De acordo com o relatório de Meier, em um projeto, os sujeitos foram obrigados a ouvir gravações em loop, inclusive durante o sono induzido por drogas, em uma tentativa de alterar suas personalidades. Em outro experimento, os sujeitos receberam fortes choques elétricos várias vezes ao dia durante semanas seguidas, às vezes enquanto estavam sob efeito de drogas psicoativas. Alguns sujeitos perderam memórias importantes ou até mesmo a capacidade de falar uma segunda língua; alguns perderam a capacidade de andar ou comer sem apoio. Muitos sofreram consequências físicas ou mentais ao longo da vida.
Os métodos da CIA eram grosseiros, disse Meier, mas se os métodos mais avançados do século XXI se afastarem dos piores efeitos do MK Ultra, eles têm as mesmas implicações para a autodeterminação, consentimento e privacidade mental. Por exemplo, pais na China soaram o alarme em 2019 sobre crianças em idade escolar usando dispositivos que rastreavam suas ondas cerebrais para melhorar seu foco. Em aplicações mais teóricas, pesquisadores exploraram a reconstrução de imagens dos sinais cerebrais de pessoas usando BCIs.
“Com essas capacidades tecnológicas, nos aproximamos perigosamente de permitir inadvertidamente um dos principais objetivos dos programas de inteligência da Guerra Fria: obter informações de sujeitos que não estão cooperando voluntariamente”, escreve Meier.
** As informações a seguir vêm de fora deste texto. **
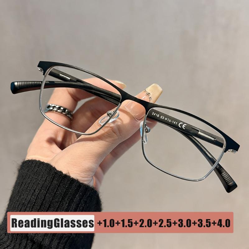 Fashionable Metal Square Frame Blue Light Blocking Reading Glasses Classic Business-Style Presbyopia Glasses with Plus Diopters
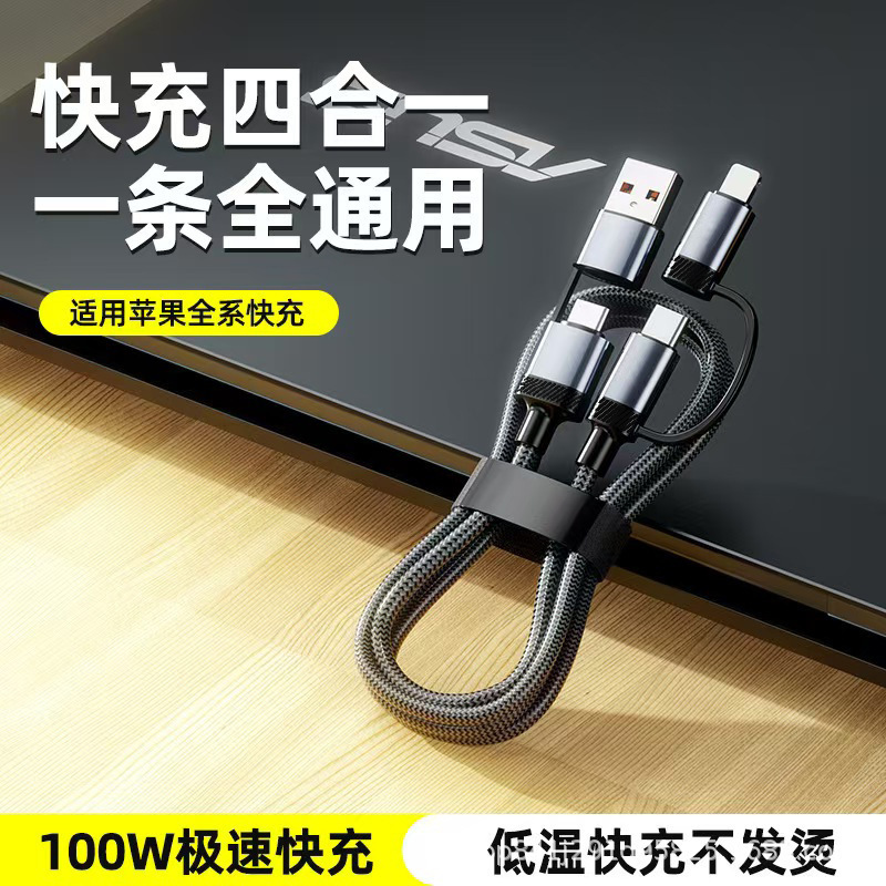 适用华为苹果双TYPE-C超级四合一快充电线PD快充100W二转二数据线
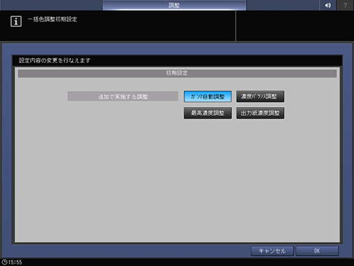 出力紙濃度調整を調整項目に追加します。 インテリジェントクオリティオプティマイザー IQ-601または中継搬送ユニット RU-518m非装着の場合は、表示されません。 |
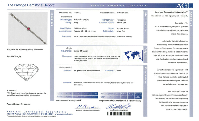 Documentation: Accompanied by American Gemological Laboratories (AGL) report no. 1146722 dated 26 March 2025 stating that the ruby is of Burma origin, with no evidence of heat treatment.
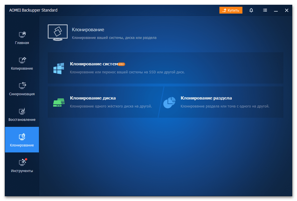 AOMEI Backupper – программное обеспечение для защиты Windows и Windows Server, а также всего содержимого накопителя компьютера с помощью инструментов резервирования, клонирования и восстановления данных. Что касается интересующего нас вопроса, то программа поддерживает полное копирование жесткого диска на SSD вместе с OS, разделами, их буквами, индивидуальными настройками, личными файлами и т.д.
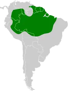 The Amazonian antshrike is found in the entire Amazon Basin and the Guianas, minus a small region in southwestern Venezuela and Roraima state Brazil in the northwest section of the Basin.
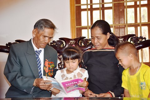 | Ông Y Doanh sống gương mẫu, vui khỏe bên con cháu. |
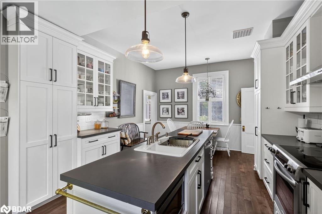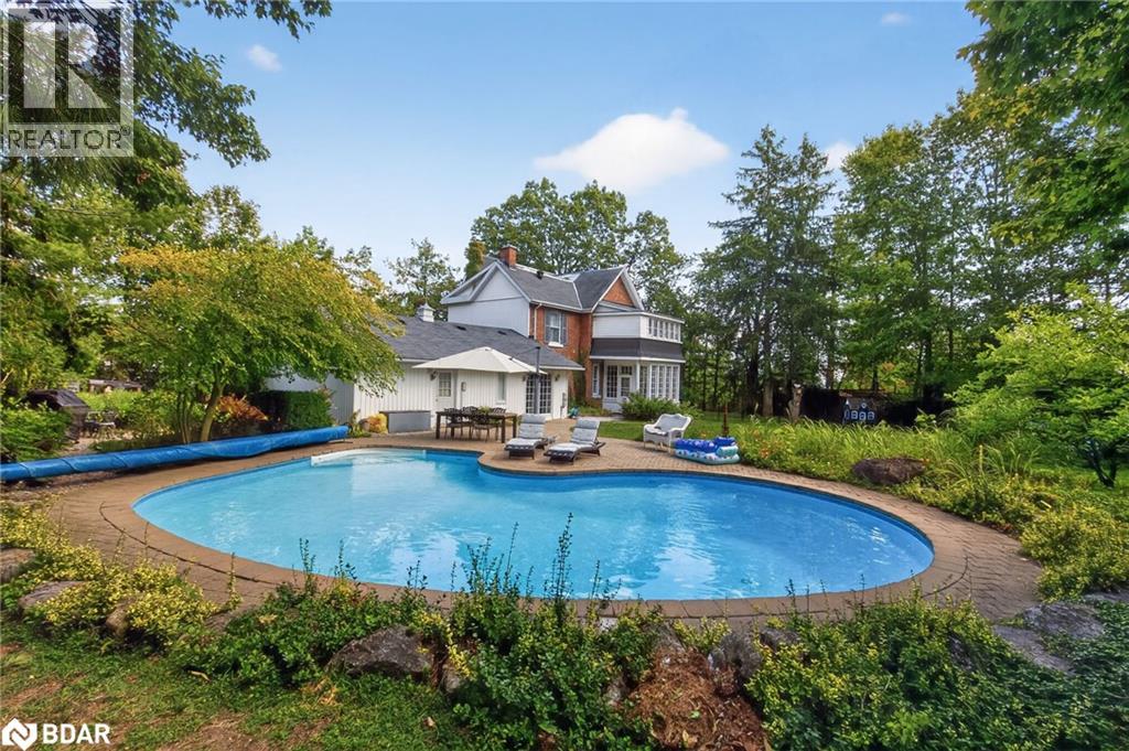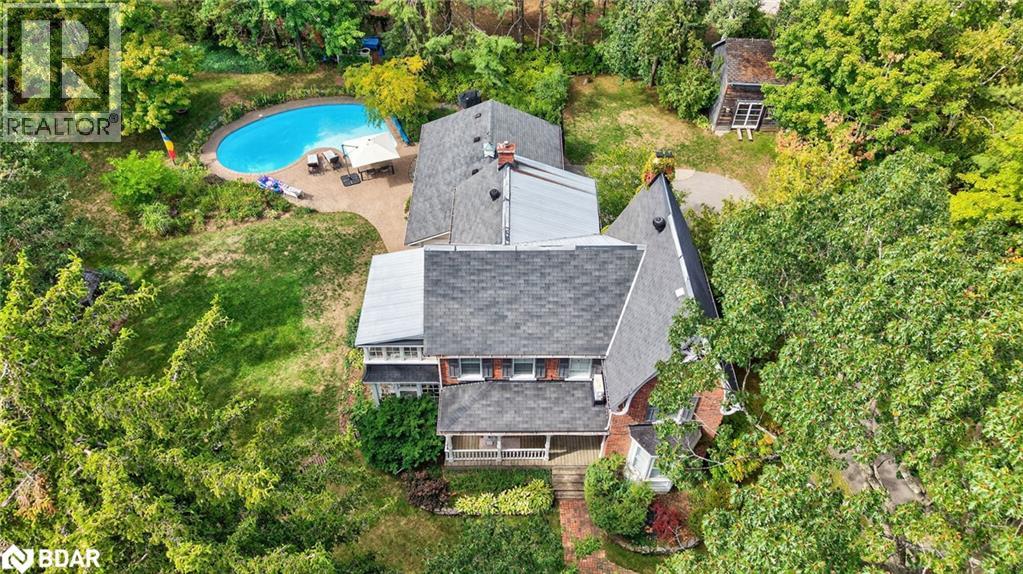 Welcome to “Three Oaks”, a century classic home on almost an acre, estate parklike private lot with extraordinary mature trees, pool, and the original barn/shed with basement which is ideal for a workshop, located in the heart of Barrie, close to Sunnidale Park and all amenities. Built in 1873, the home has maintained its original architecture and beauty with 10’ ceilings, detail and mouldings, French and Dutch doors, 2 sunrooms, front porch, bay window, large baseboards, hardwood, pocket doors, built-ins, parlour, butler’s pantry, absolutely charming! Outside is like a resort, with a courtyard; relax on the porch, then flow past the long drive to the barn, the gazebo and then relax pool side. The home has been beautifully updated: eat-in kitchen with pantry, stainless steel appliances, newer furnace and air conditioning and the layout has space for additional bathroom(s) as seen in the floor plan drawings. This property is a total pleasure, dreamy! (id:53503)

“Com essas capacidades tecnológicas, nos aproximamos perigosamente de permitir inadvertidamente um dos principais objetivos dos programas de inteligência da Guerra Fria: obter informações de indivíduos que não estão cooperando voluntariamente.”
Lucas Meier
Meier especula que, além de decodificar nossos pensamentos, as BCIs poderiam ser usadas para mudar nosso comportamento. Ele descreve pesquisas mostrando que alguns pacientes que recebem estimulação cerebral profunda para a doença de Parkinson apresentam sintomas maníacos , incluindo um caso de 2006 em que um paciente sem antecedentes criminais arrombou um carro estacionado quando o estimulador foi ativado, depois voltou ao normal quando a estimulação parou.
“Fazer alguém sem antecedentes criminais arrombar um carro parece ser uma interferência muito forte”, ele disse, acrescentando: “Não estamos em um ponto em que você poderia criar esse efeito à vontade. Pode acontecer como um subproduto, mas não acho que alguém poderia prever qual tipo de neuromodulação aplicada a qual área do cérebro poderia produzir esse efeito, pelo menos não com precisão.”
Apesar das dúvidas de Meier, ele apoia o desenvolvimento contínuo da tecnologia BCI nos EUA, em parte para ficar à frente dos adversários globais.
“É em momentos como estes, em particular, que as inovações tecnológicas que estão se tornando disponíveis para as partes opostas correm alto risco de serem mal utilizadas para obter uma vantagem”, ele escreve no artigo. “As consequências terríveis das múltiplas tentativas de desenvolver técnicas de controle mental durante a Guerra Fria devem servir de alerta. Os dois ingredientes perigosos são recorrentes: um ressurgimento do confronto de blocos e a disponibilidade de inovações empregáveis para interferir no cérebro humano. Podemos não ser capazes de confiar em limitações tecnológicas frustrando os esforços de controle mental uma segunda vez.”